Twilight Stories
       But a crowd of people surging up around them at this moment, took off all attention from Bessie and everybody else but the little fugitive and her kind pursuer. Caryl made her way through the crowd with flushed face, her little brown hat hanging by its strings around her neck, pantingly dragging after her the little black girl.     

       "It's our Viny," she said, "and something is the matter with Aunt Sylvia! Oh, Madam Grant!"     

       "My poor child," said a sweet-faced woman, reaching out a kind arm, while the children seized hold of Caryl at every available point, between them dragging her and her charge into shelter, "don't be troubled. Drive just as fast as you can, Thomas, to No. 27, you know," she commanded hurriedly.     

       Then the first thing Caryl did was to turn upon Viny and unhook the precious brooch as a low sob came from her white lips. "If it had been lost!"     

       A soft hand stole under the little brown cloak to clasp her own; but Madam Grant said never a word. She knew what the young girl's heart was too full for speech; that the mother's brooch would speak more tenderly than ever she could, of forgiveness to the little ignorant black girl.     

       The children were all eyes at Viny and her costume, but they said never a word while she howled on steadily, only ejaculating in an occasional gust,       "O Miss Sylvy—Miss Sylvy!"     

       Caryl, white as a sheet, rushed out of the carriage and into the old lodging house the instant the horses paused by the broken gate.

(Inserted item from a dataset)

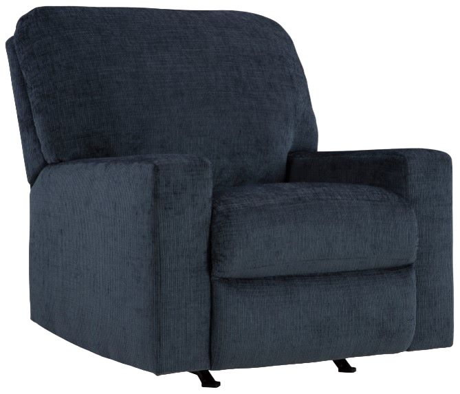 Looking to make a bold statement with color? Liven up your living room with this rocker recliner. Its trend-right navy blue upholstery adds a playful pop of color to your decor. Pairing posh style with everyday comfort, this piece is a welcome addition to contemporary spaces.Read More

Maum Patty was singing in the little kitchen the refrain she never indulged in except in her most complacent moods. Flinging wide the door, Caryl panted out,       "Oh, what is it! Tell me at once!"     

       "Lawks!" exclaimed Maum Patty, startled from her peaceful enjoyment, and turning so suddenly in the old calico-covered chair that she sent her spectacles spinning into the middle of the floor. "Massy, how yer look! Tain't wurth it—don't! He hain't spile't it; I stopped him," she added exultingly.     

       "Stopped what?" echoed Caryl in bewildered distress. "Oh, do tell me! Is'nt Aunt Sylvia sick? Tell me, Maum Patty," she pleaded. And she grasped the old woman's arm in an agony of suspense.